I'm going to mount my B. cucullata seedling from Ray but it currently doesn't have new root growth but has new leaves coming. Should I mount it now or wait? If it was larger I'd mount it now but I'm more cautious with seedlings. And should I mount it upside down, right side up or sticking out? I know it'll eventually flop down. 

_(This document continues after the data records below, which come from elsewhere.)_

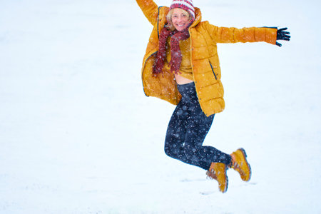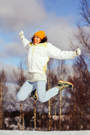 a woman in a good mood in winter on a walk., sunny day, jump up, spontaneity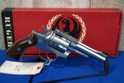 4" Stainless Barrel; wood factory grips; 6-shot swing out cylinder; original red Ruger box; used but nice and clean; USA; SN#153-26673; A-196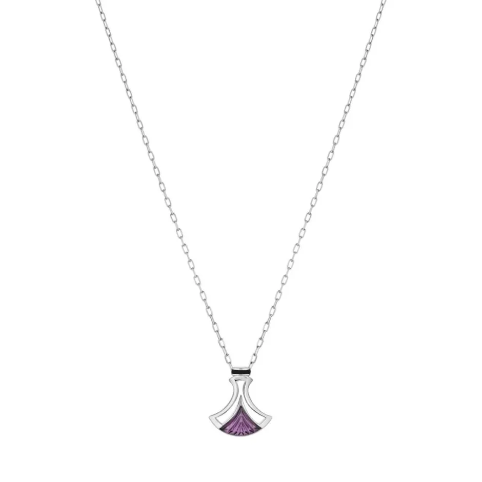 Le cristal subtilement sculpté de stries fait rayonner ce délicat collier. La silhouette géométrique de sa monture ajourée rappelle des structures architecturales en arcade mêlant métal et verre. L’intemporel cristal incolore paré d’or lumineux, ou l’argent serti d’un cristal violet crépuscule, sont soulignés d’une fine bande de laque noire dans l’inspiration Art déco.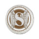 Brown, round doily with white and brown border which has a white lattice trim. Large silver wings left and right of initial. Template monogram for you to customize.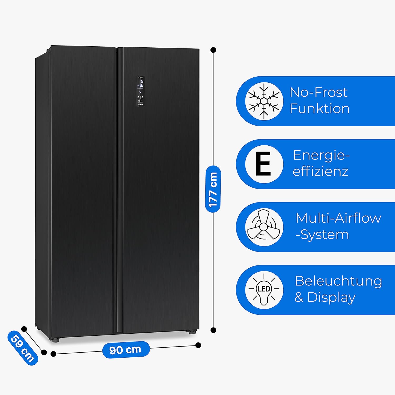 Bomann® Side by Side Kühl Gefrierkombination | No Frost | 442L Inhalt | Kühlschrank mit Gefrierfach | Kühlschrank mit MultiAirflow-Technologie | Verbrauch 287 kWh/Jahr | SBS 7344 black-inox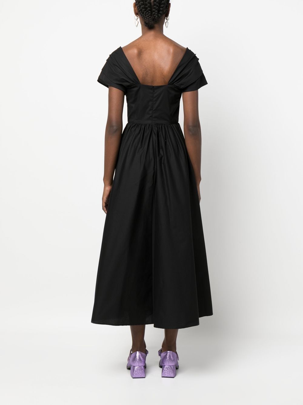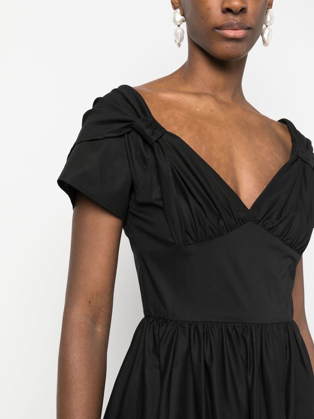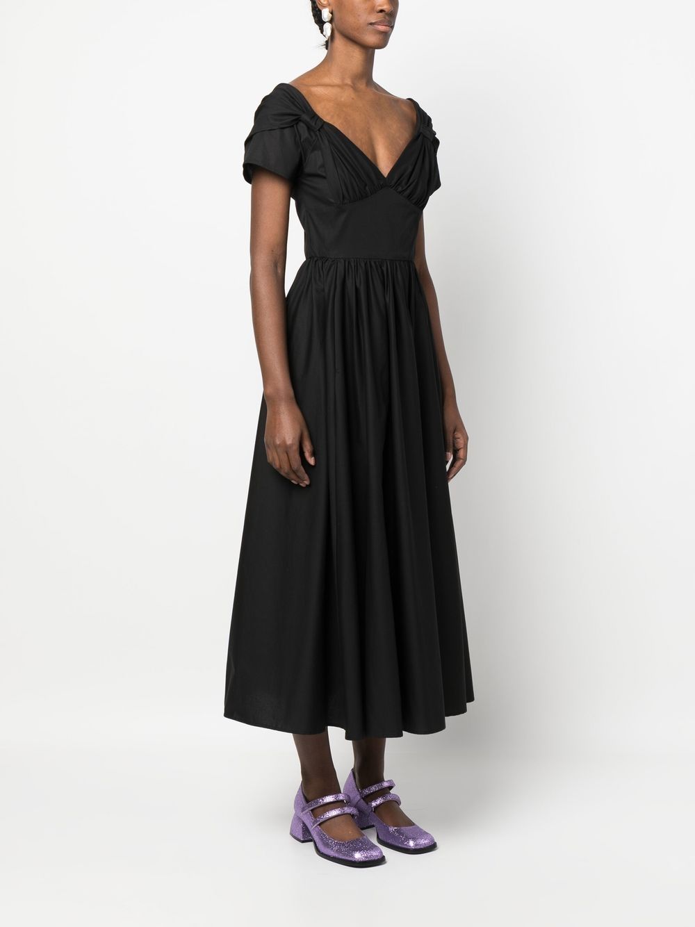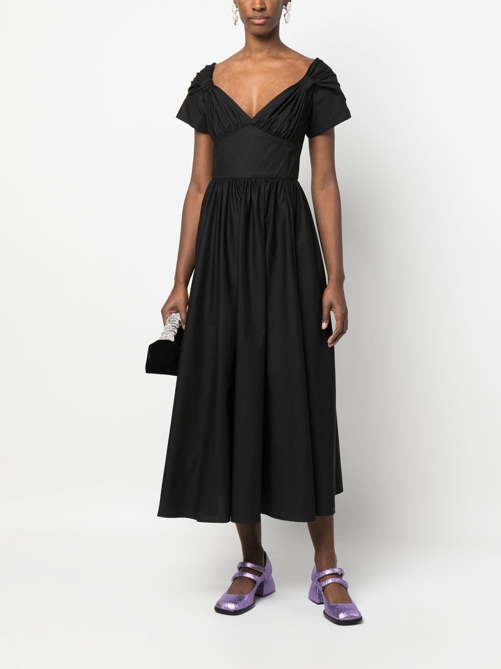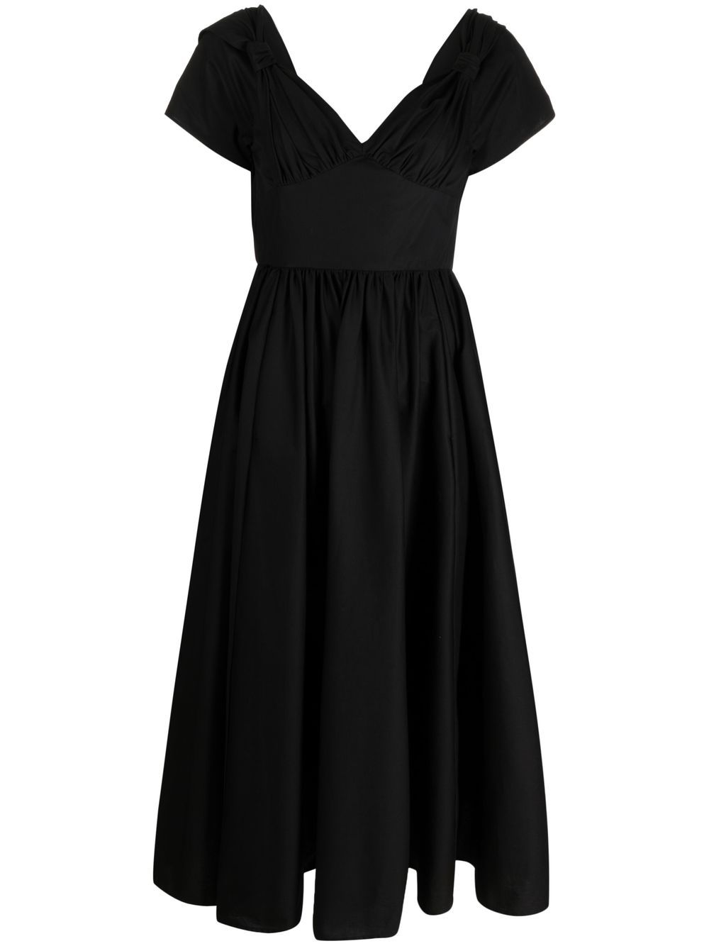 abito midi , popeline, scollatura a cuore, nodi laterali, manica corta con doppio strato, gonna ampia, zip posteriore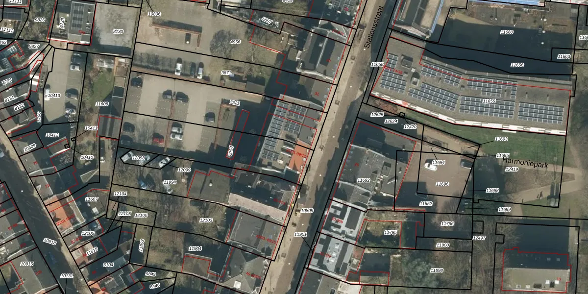 Het perceel waarop Stationsstraat 39-01 staat heeft een oppervlakte van 811 m². Dit is een groot perceel. De perceeloppervlakte wordt geregistreerd door het Kadaster. Gedetailleerde informatie over de maten van dit perceel kunt u vinden in het rapport Kadastrale kaart met maatvoering van Stationsstraat 39-01.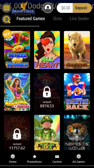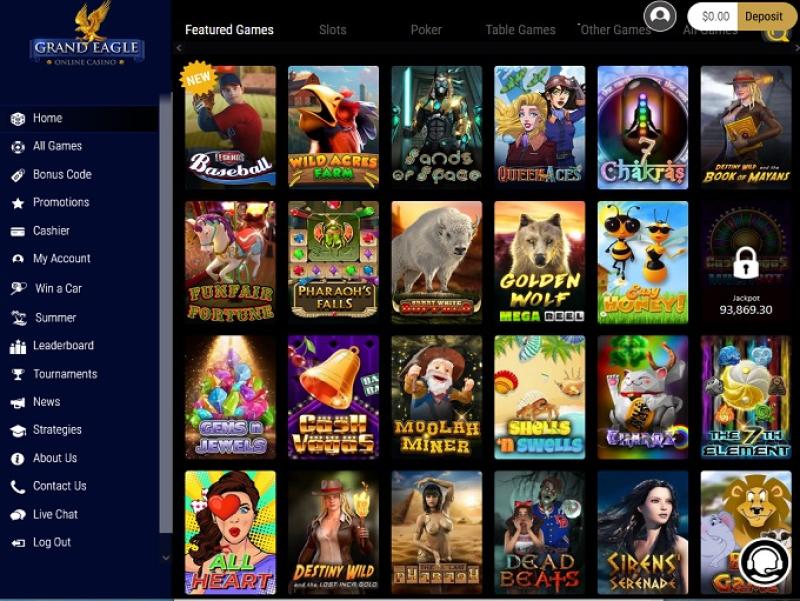 Os caça-níqueis predominam no Grand Eagle Casino, e os visitantes deste cassino poderão jogar jogos diferentes da maioria dos jogos no estilo RTG oferecidos por cassinos voltados para jogadores americanos. Infelizmente, parece que não há jackpots progressivos disponíveis no cassino.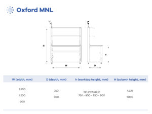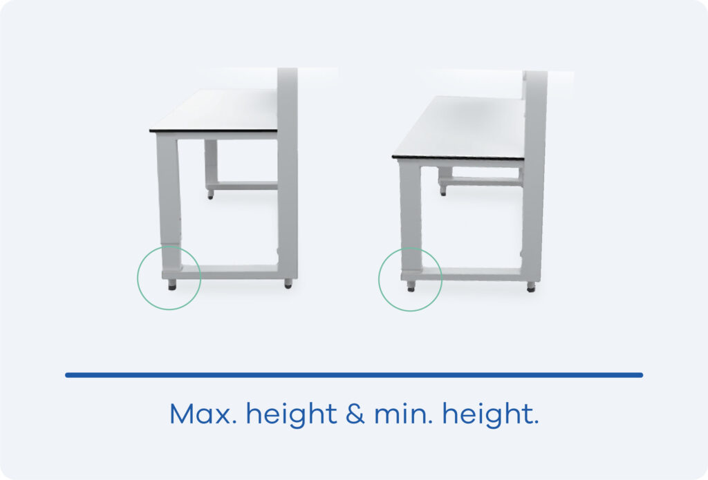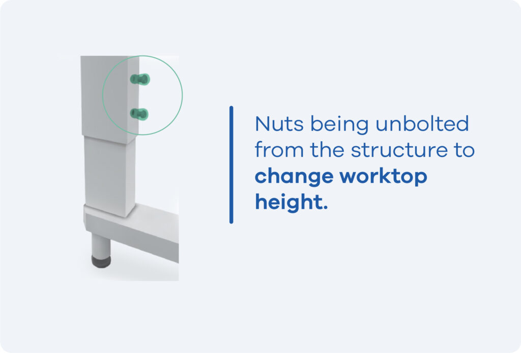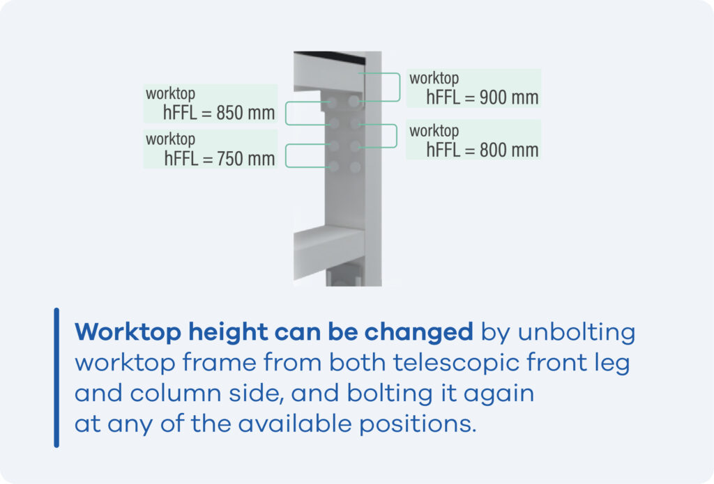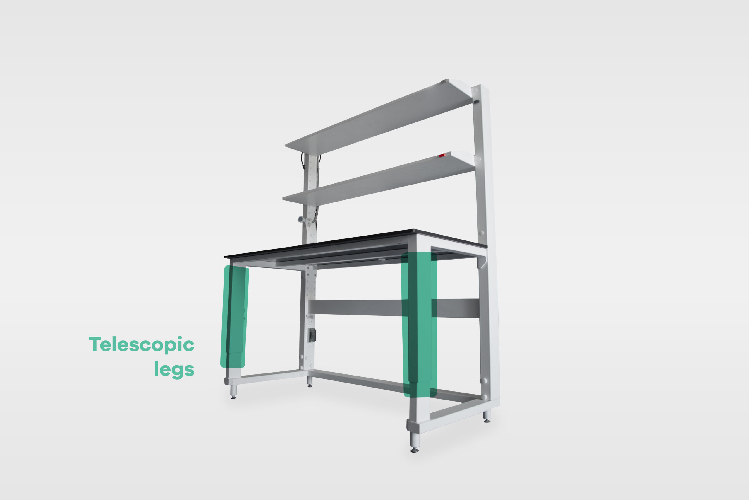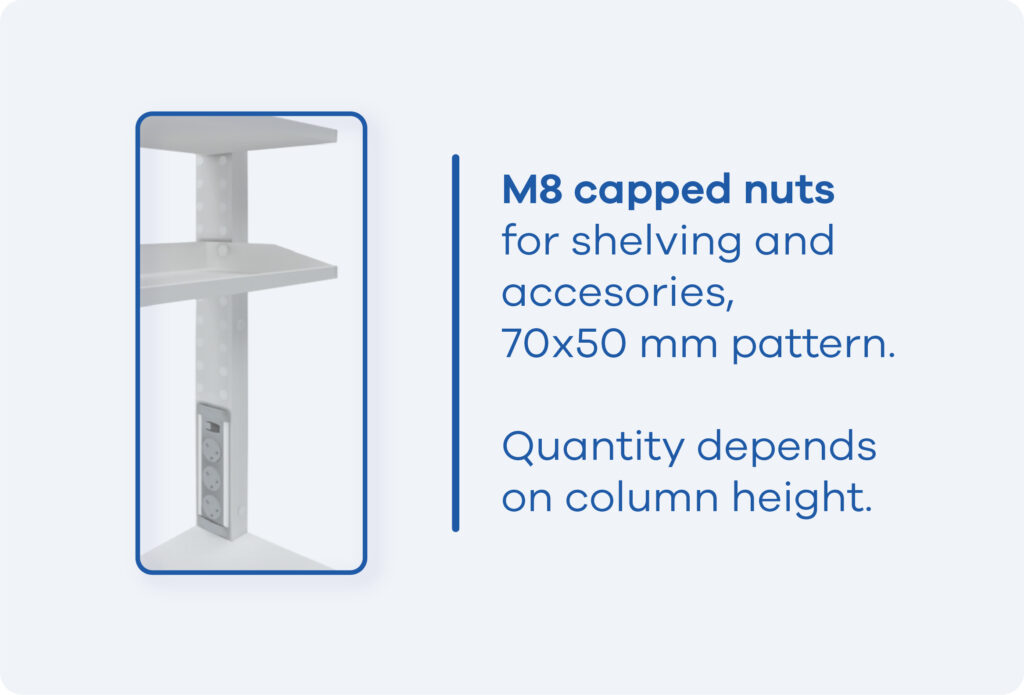 • Worktop frame fully welded steel, to be bolted to base frame and columns at any of the selectable heights. Provided M5 nuts below worktop for accesories and attachments.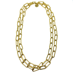 Collana Graffetta doppia in acciaio inossidabile Dorato interamente lavorata a mano da sapienti tecniche artigianali.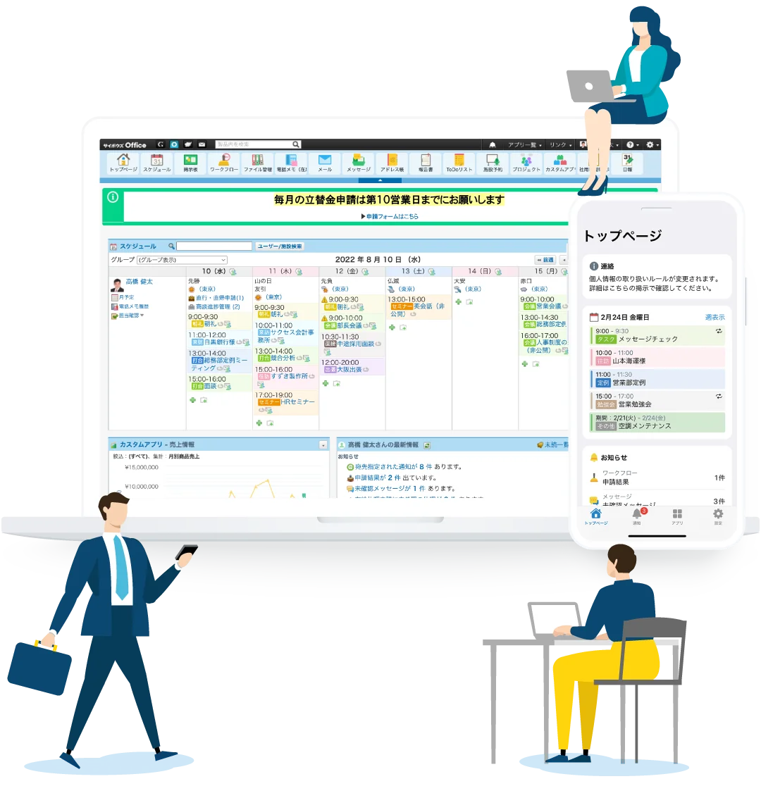 トップページその日の予定や、自分宛の連絡・申請などをまとめて確認できます。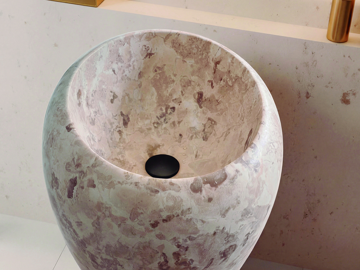 Fuji Brown Trotol es un lavabo circular de instalación pedestal, fabricado en piedra con acabado relieve en color brown trotol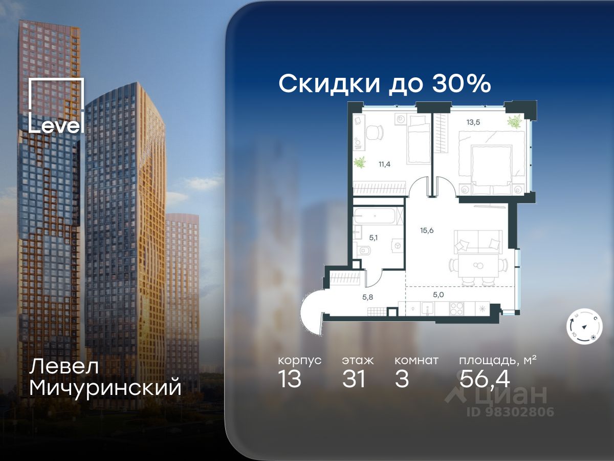 В жилом квартале, расположенном на границе с природным заказником ''Долина реки Очаковки'', продаётся 3-комнатная квартира площадью 56.40 кв.м без отделки. Квартира расположена на 31 этаже 31-этажного корпуса 13 в жилом комплексе бизнес-класса Левел Мичуринский (компания Level Group/Левел групп).
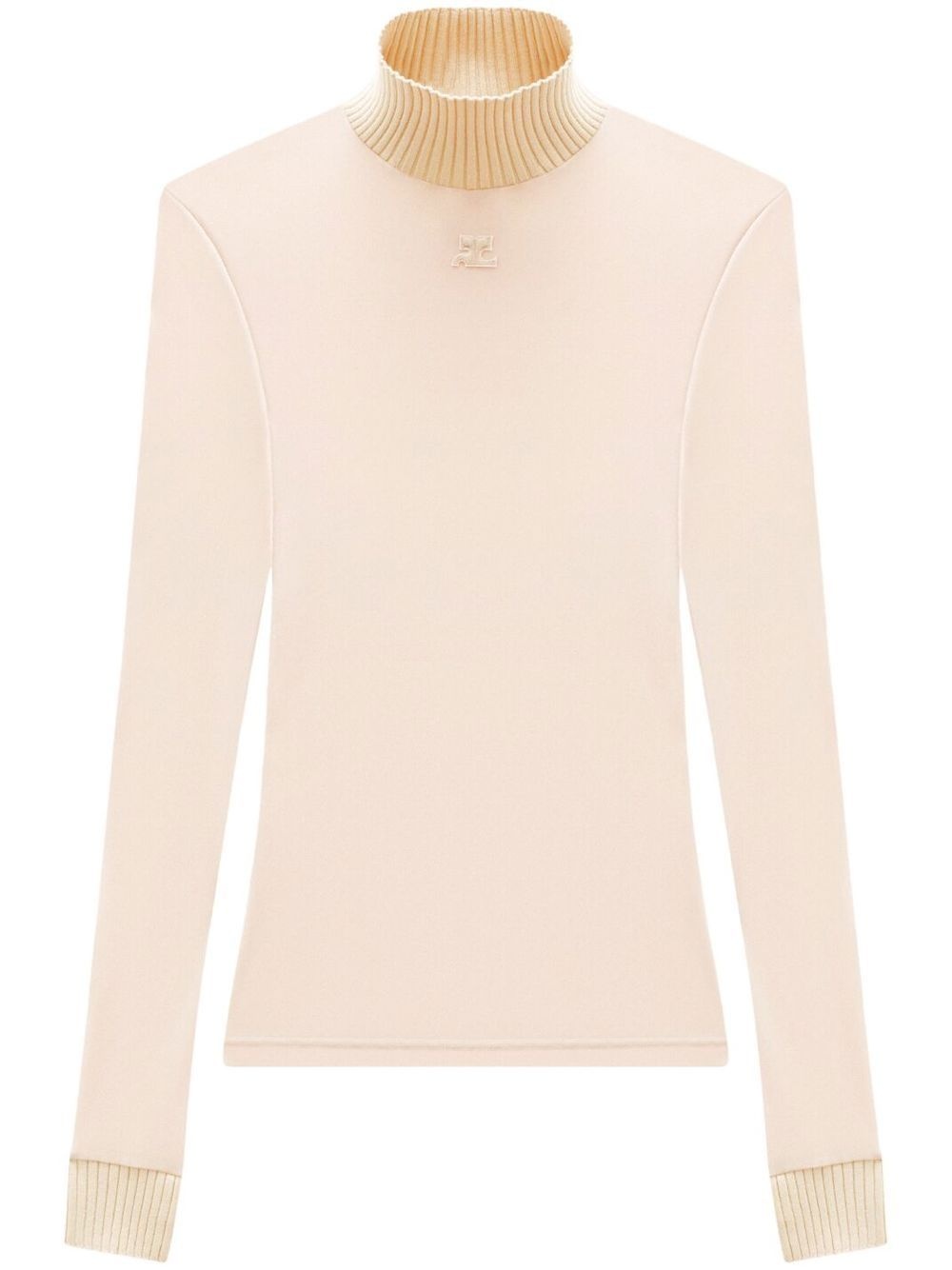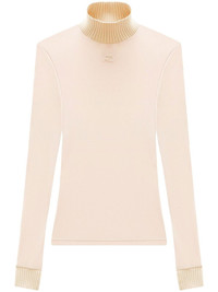logo high-neck knitted top sand beige knitted construction ribbed trim logo patch to the front high neck long sleeves straight hem Imported Composition Outer: Polyester 100%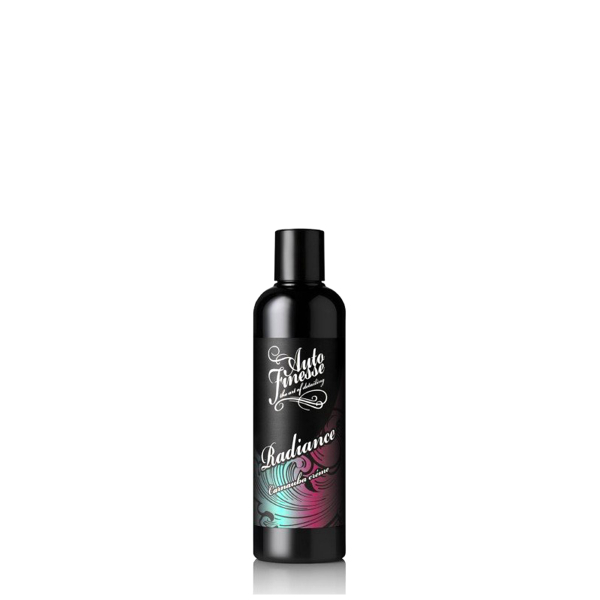 Auto Finesse Radiance Carnauba Créme är ett lättanvänt flytande bilvax innehållande äkta carnaubavax som är lämpligt för alla typer av lack. Radiance Carnauba Créme binder sig snabbt till bilens lack och ger ett skydd som kan hålla i upp till 3 månader, en fantastisk "wet look" glans och en imponerande vattenavrinning. Ytor som behandlats och skyddas av Auto Finesse Radiance Carnauba Créme får en fin hydrofob yta som effektivt stöter bort vatten och smuts och bidrar till bilens självrengörande egenskaper. Det flytande bilvaxet har utvecklats speciellt för dem som söker efter egenskaper som naturligt vax med carnauba brukar erbjuda men söker ett något mer lättapplicerat.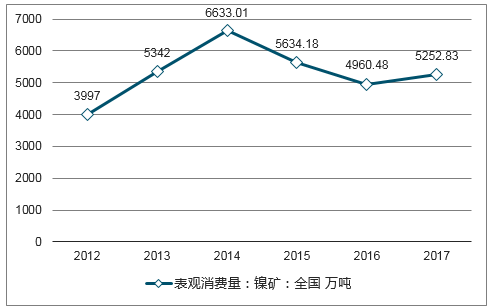 我國鎳礦表觀消費量(萬噸)

And thanks Ray! It is a really nice seedling, lots of leaves. This is my favorite cattleya alliance species, I really love it.


----------



## abax (Apr 30, 2014)

Generally, I give new plants a little time to settle in before I mount, but
that's just the way I do it. Ray may have other ideas.


----------



## gnathaniel (Apr 30, 2014)

Nice acquisition, this is a fantastic species! If it has new growth then roots will follow soon after, so this is an ideal time to mount it. Try to place the new growths closest to the mount so their roots find it quickly. Probably doesn't matter much, but the only plants I mount oriented differently than they're potted are those that grow pendant anyway, and sometimes things like Phals where crown rot is a concern. You could also try a horizontal 'raft'-style mount and let the plant pick the direction it wants to grow.


----------



## goldenrose (Apr 30, 2014)

I have a large one that I got from SlipperKing via the auction, it's on cork.
I have a 2nd one, a mini, that is mounted on a cedar stick, if that helps.


----------



## littlefrog (Apr 30, 2014)

I've always mounted mine 'upside down'. Not sure if that helps. usually the plants figure out their growth habit on their own.


----------



## Ray (May 1, 2014)

Like Rob, I hang them downward, and if you're going to mount them, go ahead and do so right away. The plant will sense it's change of surroundings, and if given proper culture, will start sending out new roots to accommodate that shortly.

A shot of KelpMax can help that.


----------